City Guides

What to Do with 48 Hours in Porto, Portugal

If you only have a couple of days, here are the must-dos.

After years of being outshined by the cosmopolitan glow of Lisbon, Porto—Portugal’s once scrappy but now sublime second city—has been stealing the spotlight these days. 

Cinematic landscapes, balmy weather, and a blossoming food and wine scene have all contributed to a boom in international visitors to Portugal. The winner of European Best Destination in 2012, 2014, and 2017, Porto now draws a record number of travelers with an average of 1.6 million visitors each year. 

Planning to visit this incredible city in the coming year? Here’s a guide to a perfect 48 hours in Porto.

Day one

Morning. Start your day right with a carb-loaded breakfast and a cup of coffee at Confeitaria Serrana, a traditional Portuguese bakery and café located by the São Bento train station. Here you can try Portugal’s iconic bolas de Berlim—fluffy donuts sliced in half and filled with thick egg cream. The sugar-coated calorie bomb is a city favorite and will give you plenty of fuel for exploring the city’s cobblestone streets on foot. 

Speaking of walking, get ready to do lots of it. Despite being fairly hilly, the city is small enough that you can access most of the must-see spots by foot. And you’ll be glad you did—walking not only saves you an Uber fare but allows you to stumble into the city’s many hidden jewels like a tiny family-run restaurant, a lookout point with a dazzling river view, a hip under-the-radar bar, etc.

Afternoon. After breakfast, you’re in the perfect spot to explore Ribeira, one of the city’s most picturesque and popular neighborhoods. A UNESCO World Heritage Site, this colorful district sits on the banks of the Douro River in the heart of the old town.
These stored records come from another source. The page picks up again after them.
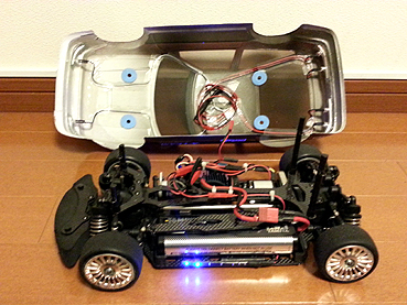 シャーシ側に調子に乗って側面にナイトライダー電飾もつけちゃいました(笑)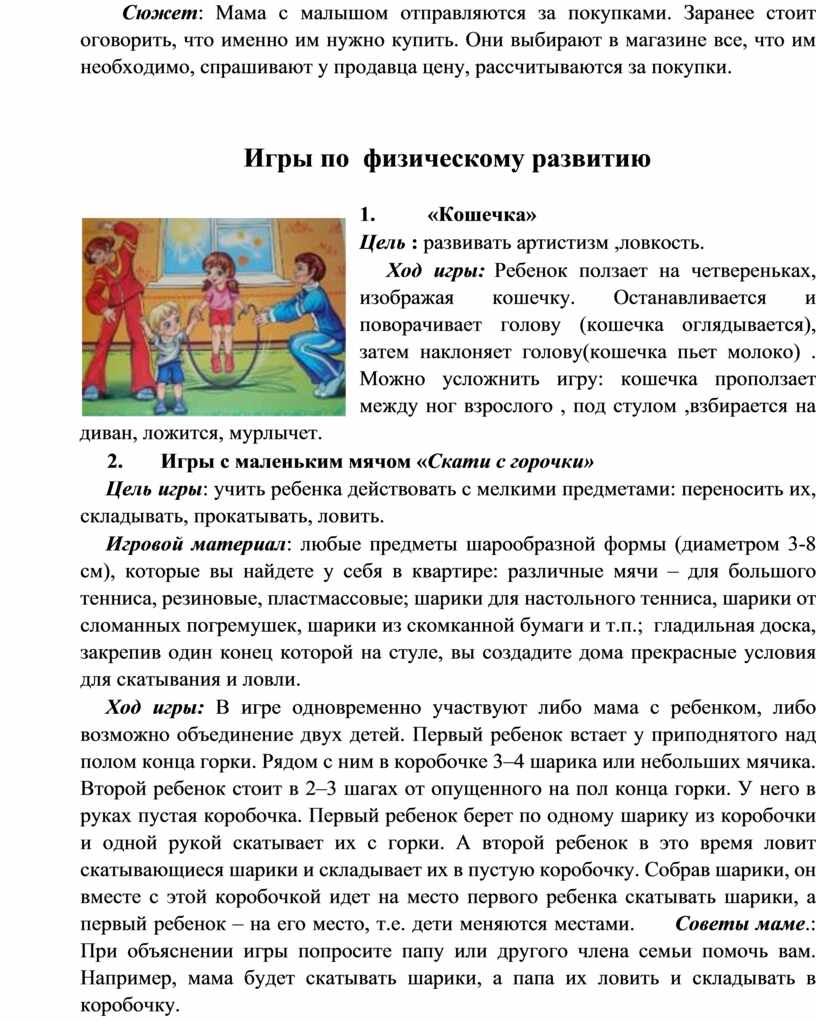 Игровой материал: любые предметы шарообразной формы (диаметром 3-8 см), которые вы найдете у себя в квартире: различные мячи – для большого тенниса, резиновые, пластмассовые; шарики для настольного тенниса, шарики от сломанных погремушек, шарики из скомканной бумаги и т.п.; гладильная доска, закрепив один конец которой на стуле, вы создадите дома прекрасные условия для скатывания и ловли.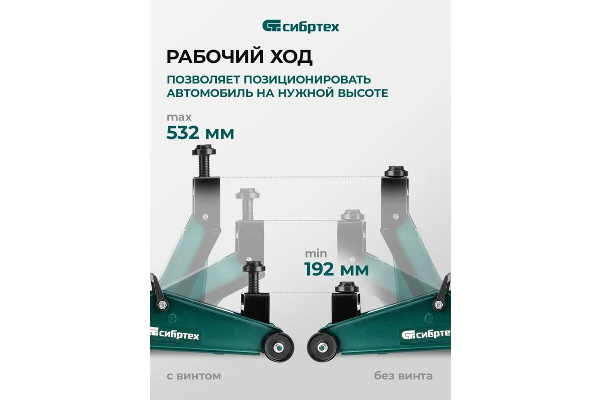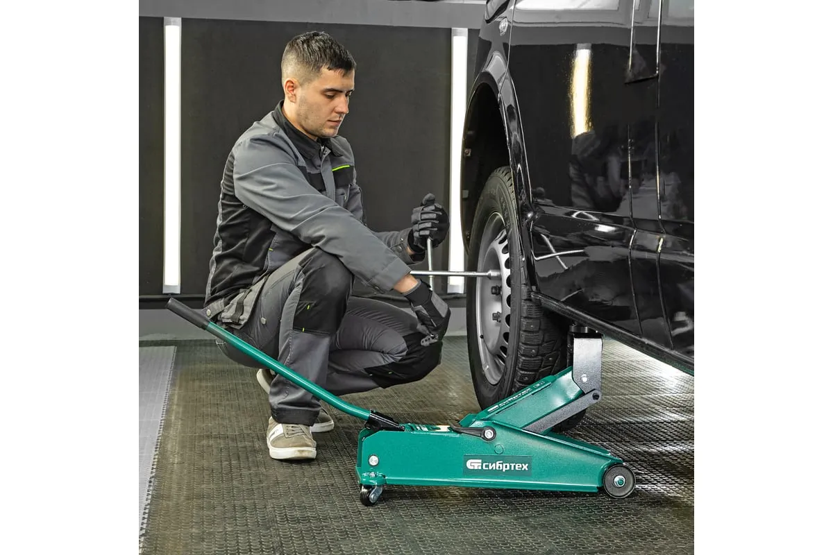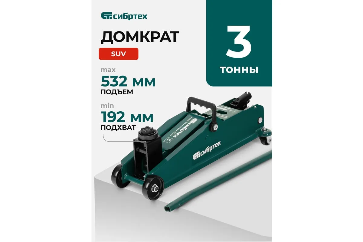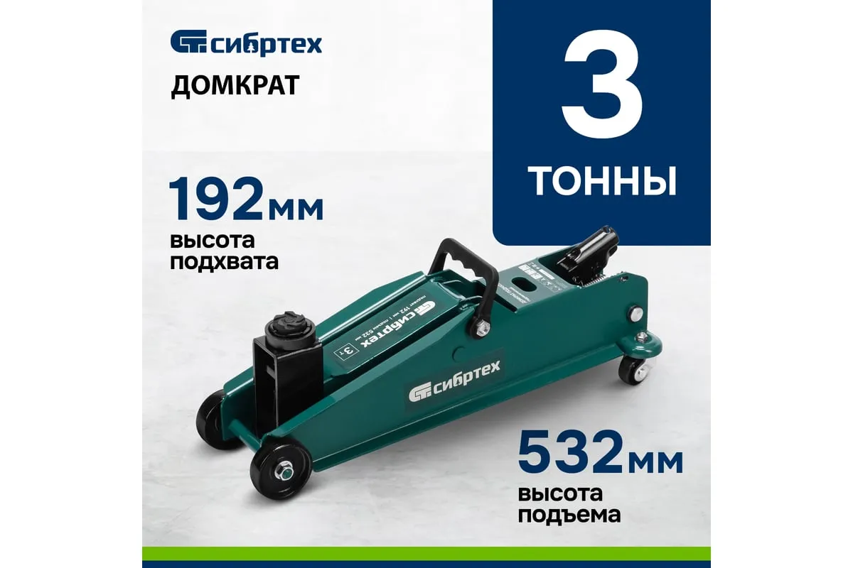 Гидравлический подкатной домкрат Сибртех 50841 с высотой подхвата 192 мм, предназначен для подъема грузов массой до 3 т на высоту до 532 мм, подходит для автомобилей со стандартным клиренсом и SUV. Компактный домкрат подходит для самостоятельного использования автовладельцами.
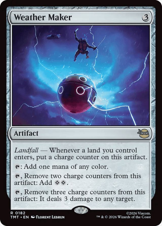 Landfall — Whenever a land you control enters, put a charge counter on this artifact. {T}: Add one mana of any color. {T}, Remove two charge counters from this artifact: Add {C}{C}. {T}, Remove three charge counters from this artifact: It deals 3 damage to any target.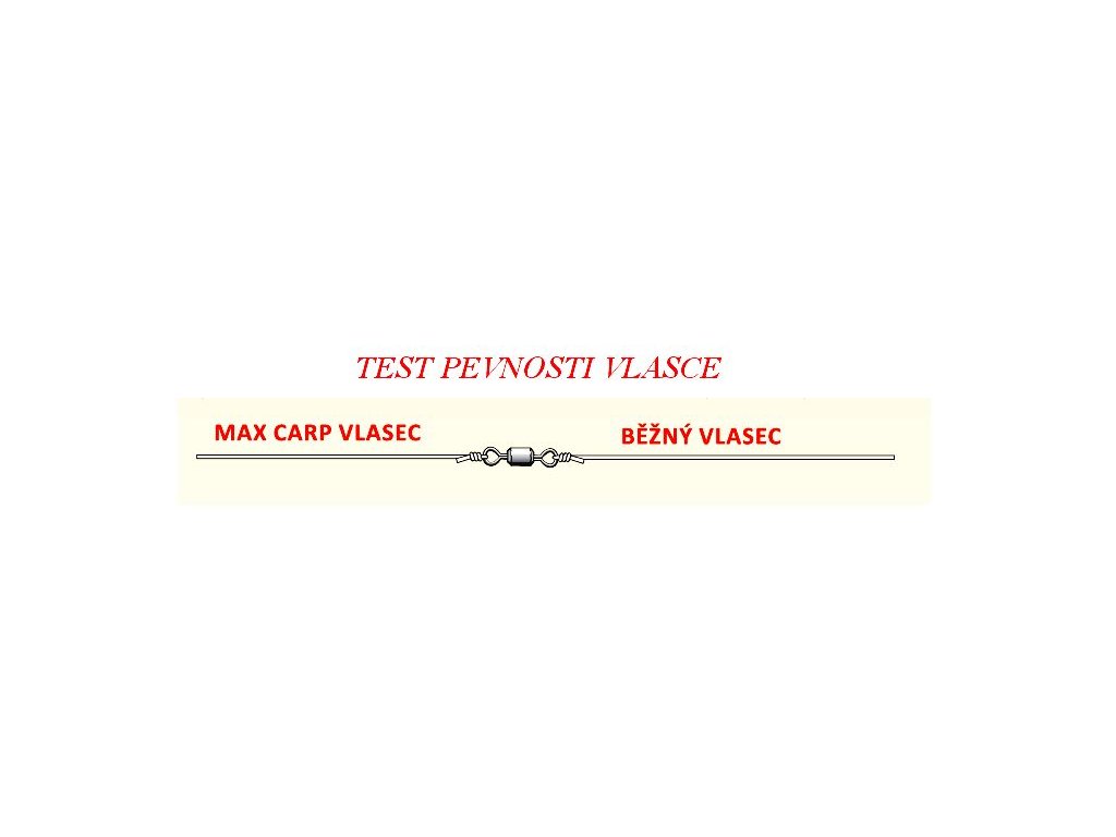 V pípadě jakýchkoliv pochybností v pevnost vlasce stačí udělat jednoduchý test, který spočívá v tom, že na jednu stranu obratlíku uvážete vlasec Max Carp a na druhou stranu kterýkoliv jiný vlasec stejného průměru a tímto testem se sami přesvědčíte o neuvěřitelné síle tohoto vlasce, který vás nikdy nezklame!!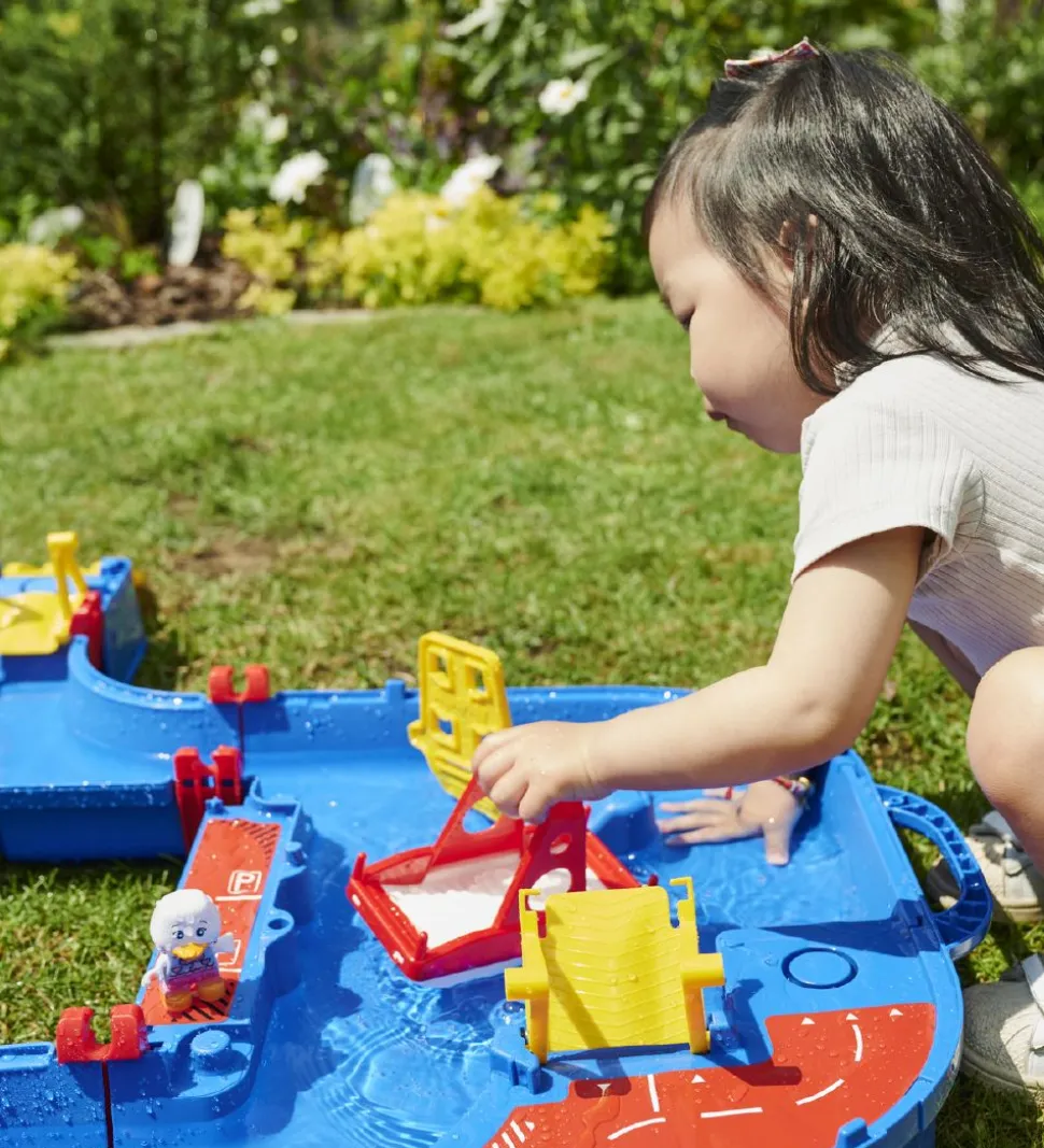 AquaPlay legesættet er beregnet til sjov med vand, hvor alle kan være med. Børnene kan ved hjælp af håndsving, broer, pumper, kran og sluse finde på masser af sjove ting at gøre med vandet. Vandkanalen har brede vandveje og ved at dreje håndsvinget kan bådene sejle rundt. Sættet stimulerer børnenes kreativitet og fantasi.

Here you can follow winding medieval streets and zigzagging staircases to some of the city’s top attractions, including the splendid Igreja de São Francisco monastery church and Torre de Clérigos—a baroque tower with a 225-step staircase and breathtaking views of the city. 

When you get hungry, you’ll have your pick of the neighborhood’s many traditional and innovative restaurants. If you can land a coveted outside table facing the Douro River at Adega São Nicolau—one of Porto’s finest restaurants—we recommend the crispy octopus fritters and homemade desserts. 

Evening. No trip to Porto would be complete without trying the city’s namesake wine. You can cross the Dom Luis I Bridge by foot to get to Vila Nova de Gaia on the far bank of the river from the Ribeira district. Vila Nova de Gaia—or simply “Gaia”—is home to an overwhelming number of port wine cellars, in addition to unparalleled lookout points. Of the more than 60 port lodges, we recommend the CV Kopke, Sandeman, and Quinta do Noval.

End the evening with dinner on a terrace overlooking the historic city center across the river. You’ll have no shortage of excellent restaurants to choose from along the riverbank, but you won’t want to miss the Michelin-starred restaurant and stunning views at The Yeatman hotel. 

Hop a river taxi back to the north bank of the river and take a tram to Porto’s center. Finish off the night at Maus Hábitos (“bad habits”)—a local haunt with DJs and live music. 

Day two

What to Do with 48 Hours in Porto

The Livraria (Library) Lello

Morning. After grabbing a flaky pastel de nata at one of the city’s countless pastelerias (it’s hard to go wrong when it comes to these creamy, traditional pastries, but we recommend the Majestic Café or Fábrica da Nata), it’s time to venture out to the city’s sunny beaches. Depending on how ambitious you’re feeling, you could rent a car and drive a few hours south to some of the best beaches in the country. But since you’re short on time, you may want to stick to the city’s many local beaches—only a short tram ride away from the center are the beaches of Praia de Matosinhos and Praia do Carneiro. 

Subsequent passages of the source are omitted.